Antwoord:
Veel gas verspreidt zich in de ruimte. De kern wordt een neutronenster of zwart gat.
Uitleg:
Grote hoeveelheden gassen gaan uit en verspreiden zich in de ruimte. Krijgen een neutronenster of zwart gat afhankelijk van de massa.
Antwoord:
Het wordt een zwart gat.
Uitleg:
Een zwart gat werkt als een vacuüm, alleen met behulp van zwaartekracht in plaats van zuigkracht. Er ontstaat echter een zwart gat wanneer een zeer grote ster sterft en de supernova wordt. Dit betekent dat het geen nucleaire brandstof (gassen) meer heeft en explodeert (bij gebrek aan een beter woord) voordat het instort en zichzelf consumeert tot het de lengte heeft van een speldenknop.
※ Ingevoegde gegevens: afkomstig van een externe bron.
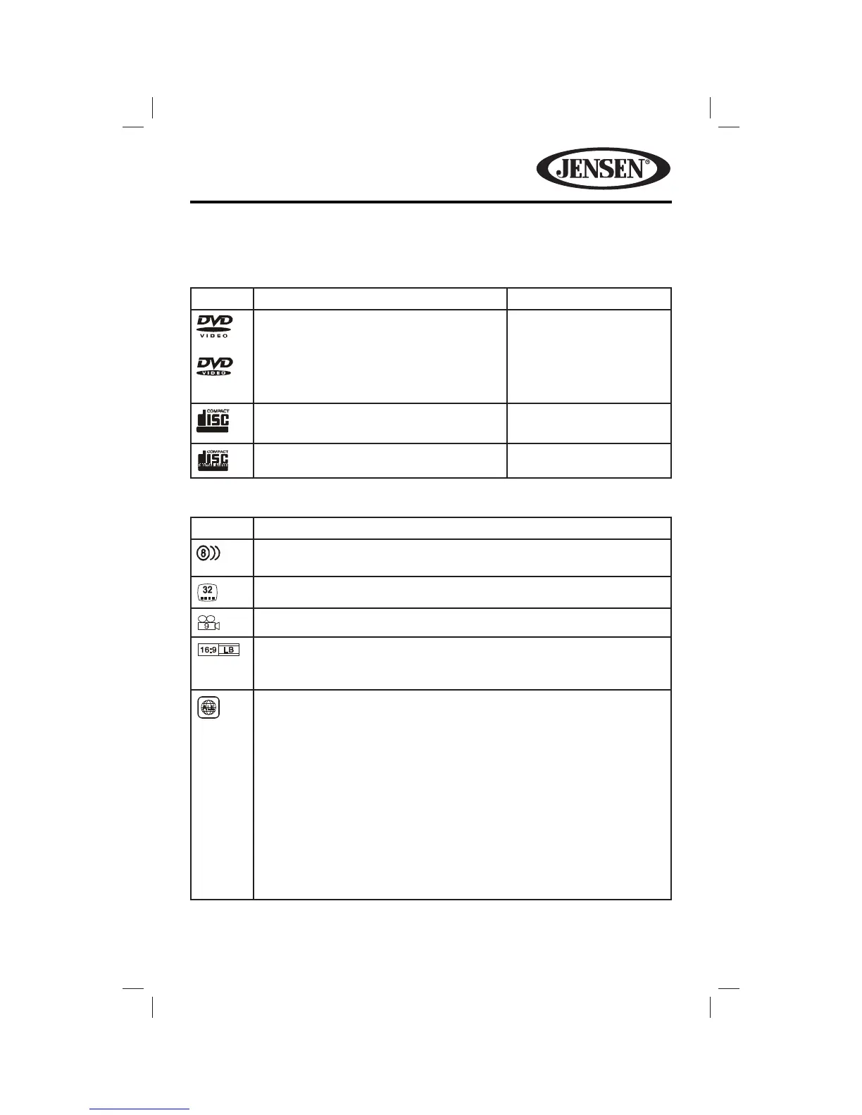 Indicates the region code where the disc can be played.

Hoewel het nu de grootte van een speldenknop heeft, behoudt het zijn vroegere massa. Dat is vrij groot gezien de grootte van de meeste sterren.
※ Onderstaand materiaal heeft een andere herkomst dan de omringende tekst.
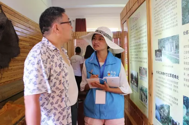 在红四军团指挥部参观,参观途中,邓芳对南宁职业技术学院团委徐熊波老师进行采访交流,了解到红四军指挥部具有的重要意义。在红四军指挥部广场--红一广场,栩栩如生的雕塑展现着红军将士保卫祖国的坚决和必胜的信念。

Tijdens de levensduur van een ster worden de zwaartekracht en de druk gecompenseerd door de massa. Wanneer een ster instort, krijgt de zwaartekracht de overhand en dwingt de ster om onder zijn eigen gewicht in te storten.
Wanneer dit gebeurt, comprimeert de kern zich in zo'n kleine omvang dat deze praktisch geen volume heeft, maar oneindige dichtheid. Hierdoor begint het zwarte gat licht te verbruiken. Dat wil zeggen dat de omgeving een beerput wordt van duisternis waar niets doorheen kan kijken.
Het zou ook een snelheid nodig hebben die groter is dan het licht om aan de zwaartekracht te ontsnappen. Omdat geen enkel voorwerp deze snelheid kan bereiken, zal alles wat in het zwaartekrachtveld komt voor eeuwig in de val blijven lopen.
(Gekopieerd uit mijn antwoord: als we een camera in een zwart gat konden sturen, wat zouden we dan zien?)
Vriendelijke groeten, Ricey.
(Dit is absoluut niet echt, maar het ziet er zeker cool uit)
Antwoord:
De ster stort ineen in een neutronenster of een zwart gat na een supernova-explosie.
Uitleg:
Wanneer een ster groter dan 8 zonnemassa's in de kern opraken van waterstof, begint het geleidelijk zwaardere elementen te fuseren. Als de kern voornamelijk uit ijzer bestaat, zijn er geen fusiereacties meer, omdat er meer energie nodig is om ijzer te smelten.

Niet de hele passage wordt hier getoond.